What is Midwifery?
Midwife means "with woman". To midwives and their clients, pregnancy and birth are normal, healthy life events. Midwifery promotes normal childbirth and the prevention of health problems. In 1994, midwifery became an integrated part of the Ontario healthcare system and is provided free of charge to residents of the province. Midwives provide care in both the hospital and home setting.
A midwife is a primary caregiver, which means that she can provide all the care necessary for a healthy woman and her baby throughout pregnancy, birth and for six weeks afterward. Midwives refer women and babies to family doctors or specialist doctors like obstetricians and pediatricians if the care becomes complicated. Even if care is transferred to a doctor at the birth, midwives will remain involved in the care as a support to the mother and baby. As primary caregivers, midwives do the following:
- care for healthy, pregnant women and their babies
- see women for all prenatal visits and give prenatal education
- order laboratory and ultrasound testing if needed
- arrange for consultations with or transfers to doctors if needed
- give some medications during pregnancy, labour, birth and the postpartum (after birth) period if needed
- take responsibility for primary care during labour, birth and postpartum including delivering the baby
- examine the newborn and care for mothers and babies for six weeks after the birth
You do not need a referral from a physician to use midwifery services; you can call us directly. However, it is best to call as early in pregnancy as possible to ensure that we have space for you.

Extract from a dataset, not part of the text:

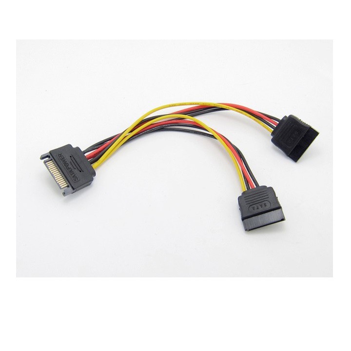 Cáp chia nguồn SATA 1 ra 2 chia từ 1 cổng nguồn SATA Male sang 2 cổng nguồn SATA Female.Sử dụng cấp nguồn cho ổ cứng SSD, HDD SATA 2.5" 3.5", DVD SATA.

There are currently over 400 midwives registered with the College of Midwives of Ontario.
What are the principles of midwifery care?

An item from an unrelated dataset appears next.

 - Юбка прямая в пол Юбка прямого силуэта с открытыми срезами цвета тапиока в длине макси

There are three important principles of midwifery care:
Continuity of Care
Midwives usually work in small groups and are on 24-hour call. A pregnant woman will get to know a small group of midwives (2-4) to ensure that she is comfortable and familiar with the caregivers who will attend her birth. Generally, two midwives will attend each birth and share the care throughout the pregnancy, labour, birth and after the birth for six weeks. They will offer education, counselling, advocacy and emotional support. Each midwife will take the time to build a relationship of trust and safety with each woman. If medical problems develop during pregnancy, labour, birth or postpartum, midwives work closely with specialist physicians and nursing staff.

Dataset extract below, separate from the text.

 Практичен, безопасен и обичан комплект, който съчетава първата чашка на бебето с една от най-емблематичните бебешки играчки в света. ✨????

Midwives encourage each woman to take an active part in her care throughout her pregnancy and birth and will provide information to each woman so that she can make choices about her care. Midwives provide sufficient time during prenatal care to discuss questions about important issues like nutrition, birth plans, breastfeeding and parenting. Midwives recognize and support the mother as the main decision-maker.
Choice of Birthplace
The pregnant woman chooses whether she wants to give birth in a hospital or at home under the primary care of the midwife. Midwives are trained to attend births in both places as well as to help individual women choose the safest place for them. Many women who opt to have a hospital birth spend time at home with their midwife before going to hospital.
A midwife's training prepares her to be responsible for decisions about labour, delivery, postpartum and newborn care both at home or in hospital. A midwife works closely with other community midwives, doctors and nurses to maintain a high standard of care.